(DATA EXCERPT)

· · ·

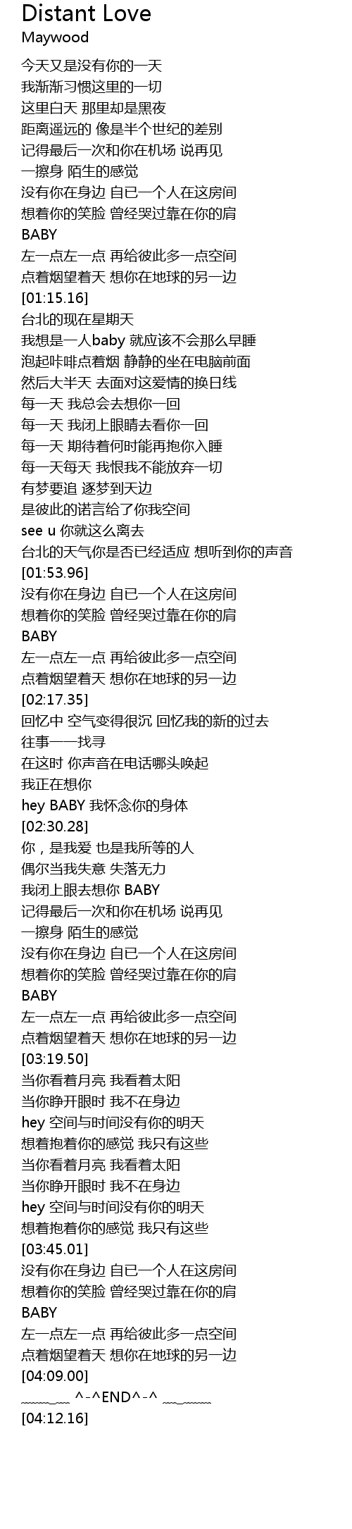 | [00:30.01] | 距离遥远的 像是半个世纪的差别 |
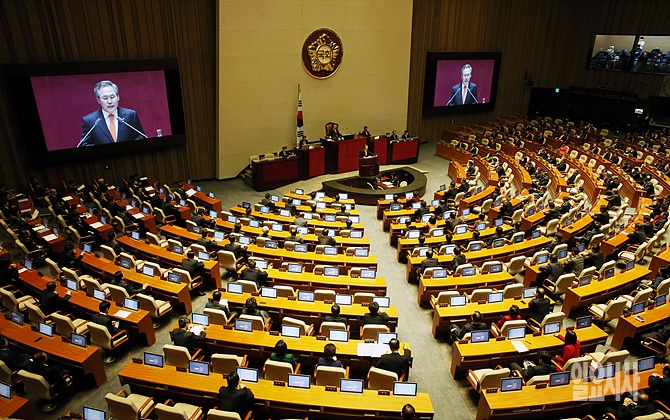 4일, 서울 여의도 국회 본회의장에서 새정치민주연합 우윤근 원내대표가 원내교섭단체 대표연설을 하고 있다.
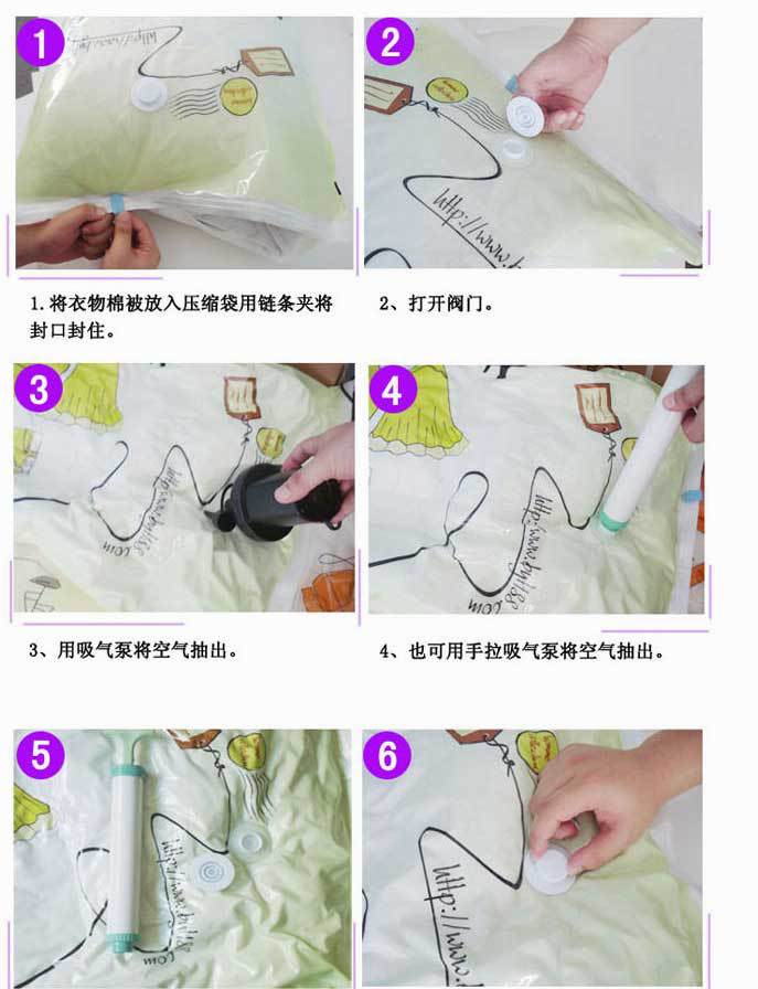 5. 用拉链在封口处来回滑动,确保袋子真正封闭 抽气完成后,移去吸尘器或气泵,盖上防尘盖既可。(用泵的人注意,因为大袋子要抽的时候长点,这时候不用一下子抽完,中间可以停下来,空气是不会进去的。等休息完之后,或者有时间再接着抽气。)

· · ·

(DIRECTIONS) Without the pictures, write out all of the material exactly.

(RESPONSE TO THIS EXERCISE)
 | [00:30.01] | 距离遥远的 像是半个世纪的差别 |
 4일, 서울 여의도 국회 본회의장에서 새정치민주연합 우윤근 원내대표가 원내교섭단체 대표연설을 하고 있다.
 5. 用拉链在封口处来回滑动,确保袋子真正封闭 抽气完成后,移去吸尘器或气泵,盖上防尘盖既可。(用泵的人注意,因为大袋子要抽的时候长点,这时候不用一下子抽完,中间可以停下来,空气是不会进去的。等休息完之后,或者有时间再接着抽气。)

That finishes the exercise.